By clicking “Sign up for GitHub”, you agree to our terms of service and privacy statement. We’ll occasionally send you account related emails.

Already on GitHub? Sign in to your account

Issues with Universal-G-Code-Sender(UGS) #3

Open
physisisics opened this issue Mar 3, 2014 · 10 comments
Open

Issues with Universal-G-Code-Sender(UGS) #3

physisisics opened this issue Mar 3, 2014 · 10 comments

Comments

@physisisics
Copy link

I've been software testing this port of GRBL on the teensy3.1 . My hardware is disconnected at the moment and I've been using https://github.com/winder/Universal-G-Code-Sender because it's complete, interfaces nicely with GRBL and has a gcode visualizer. There are three issues that I've come across so far:

  1. You know this already, but I want to make this information more accessible to anyone wishing to use your port of GRBL. Storing settings in eeprom/flexram is not currently working.

  2. At the moment, I can send commands through the UGS terminal manually, but when I try to run a gcode file, I get a "GRBL is not initialized" error. This seems to be an issue with report_init_message(). The command is printPgmString(PSTR("\r\nGrbl " GRBL_VERSION " ['$' for help]\r\n")); and GRBL_VERSION is defined in "Settings.h". Perhaps the usb_serial is not initialized when report_init_message() is called? At what point is the usb_serial initialized?

  3. Also, the real-time positioning readout isn't working. I haven't had time to investigate this yet.

@matthewSorensen
Copy link
Owner

  1. Should be somewhat resolved - I was doing something wrong with the built-in checksum hardware, so I switched to the original software checksum. Haven't tested work-coordinates or startup lines.

  2. and 3) are interesting. I suspect that UGS is reliant on the standard arduino behavior of establishing a serial connection resetting the device. UGS then sees GRBL's initialization line and figures out that it's talking to a fully initialized recent (0.8c or newer) verion of Grbl, and enables position readout and executing files. Relevant UGS commit.

In order to test this, I added a few lines of code to send a thousand status lines in the first 10 seconds after boot. If you establish the UGS serial connection during this window, it correctly detects Grbl and everything works. This approach is, of course, an extremely ugly hack.

I think this is definitely a problem, but am not sure which piece of software is to blame. This could be a bug in my control-x handling, but I'm 90% sure that it's just a consequence of the different serial-port semantics between the Teensy 3.x and Arduinos. UGS could implement the detection of hardware differently - for example, it could just attempt to read Grbl's position, and use the response to determine if real-time positioning readout works. Alternately, a command-line flag essentially telling it to just assume it has valid hardware connected could work...

@physisisics
Copy link
Author

On one hand, I dislike the fact that GRBL/arduino resets on serial a connect because if something freezes and UGS needs to be restarted, I lose my current machine position. On the other hand, when you establish a serial connection, i think the default is to do a device reboot. As much as I recall, every USB serial device I've used tends to have a start-up type behavior when a connection is made.

I don't have time to look until tonight, but is there a command we can issue to get GRBL to do a system reboot? If not, perhaps I can add that and then call it from UGS. It seems like a much cleaner hack than repeatedly sending a start-up message.

@matthewSorensen
Copy link
Owner

I think the teensy's behavior of not resetting when a serial connection is opened is appropriate for the application, and I'm not really interested in trying to emulate the reset.

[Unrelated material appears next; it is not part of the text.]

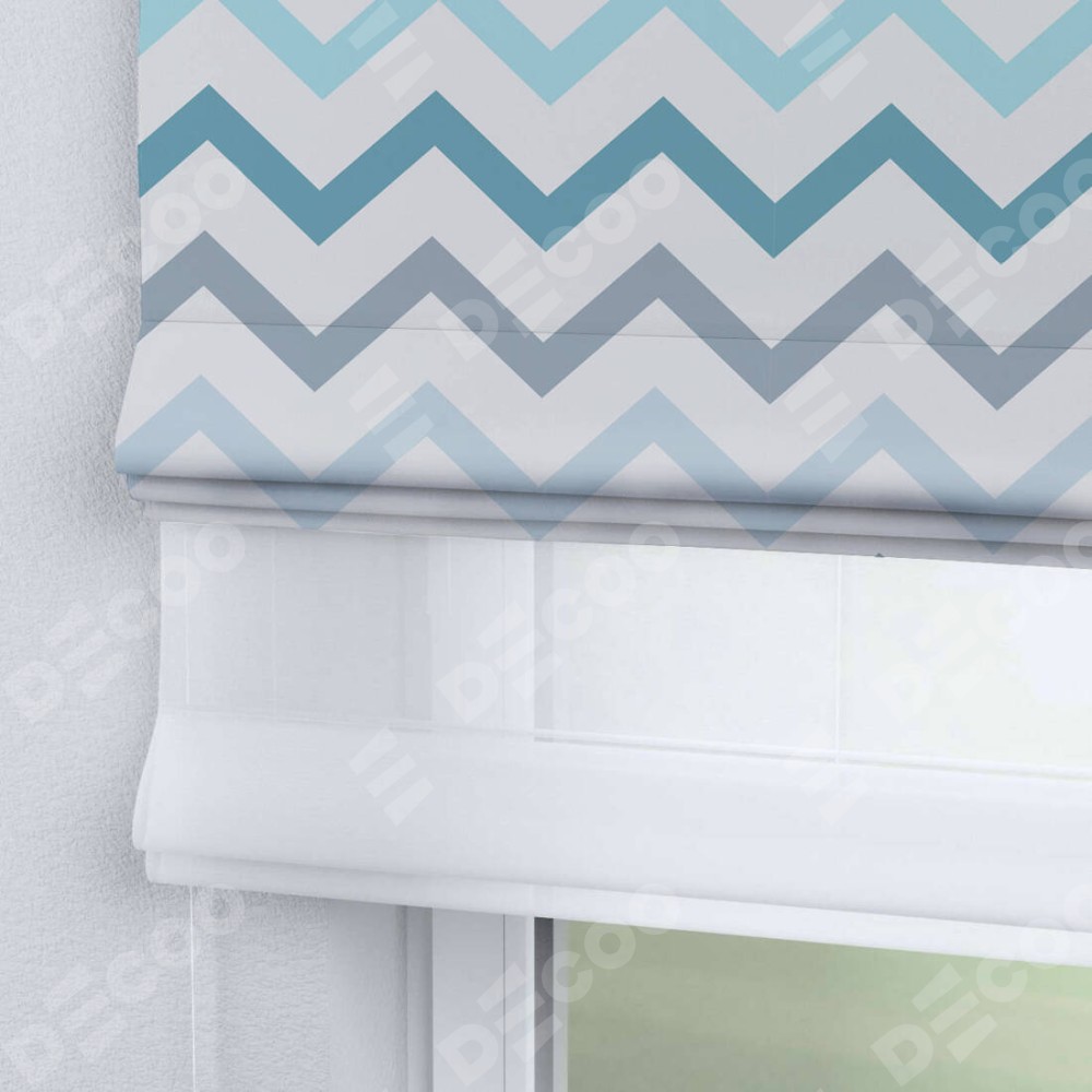 Римская штора «Кортин» день-ночь «Небесный шеврон» отлично подойдёт для интерьера: в кухню, на балкон и подростку в комнату.
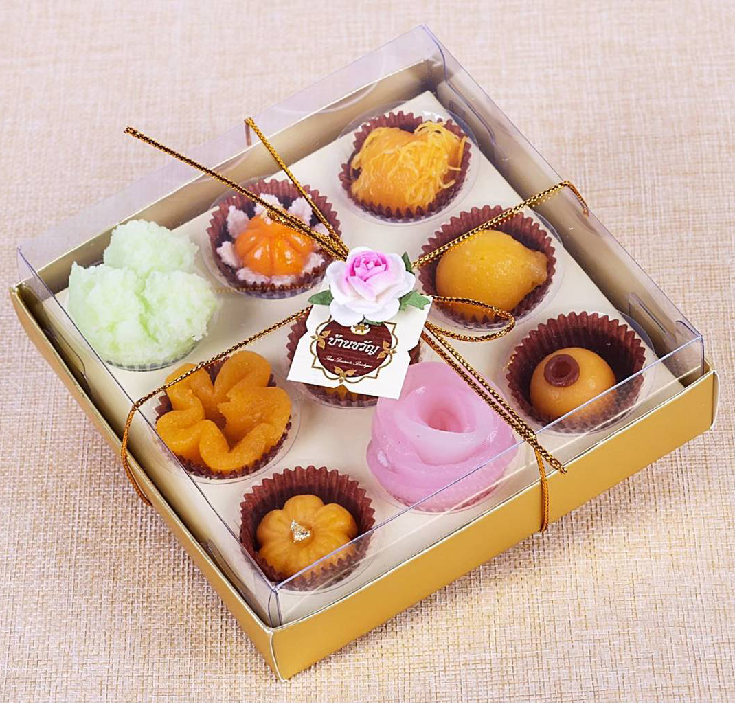 ทั้ง 9 ชนิด ได้เเก่ ขนมชั้น ขนมจ่ามงกุฎ เสน่ห์จันทร์ เอกทอง เม็ดขนุน ทองหยิบ ทองหยอด ฝอยทองและถ้วยฟูจัดด้วยความประณีตสวยงาม

This is the point of control-X (0x18) - resets the motion control etc. UGS sends a control-x right after connecting, but modifying the control-x handler to also print an initialization message doesn't seem to impact UGS's detection behavior.

@physisisics
Copy link
Author

Thanks. I'll look into control-X tonight and see if I can trace down why the init message isn't being received/interpreted by UGS.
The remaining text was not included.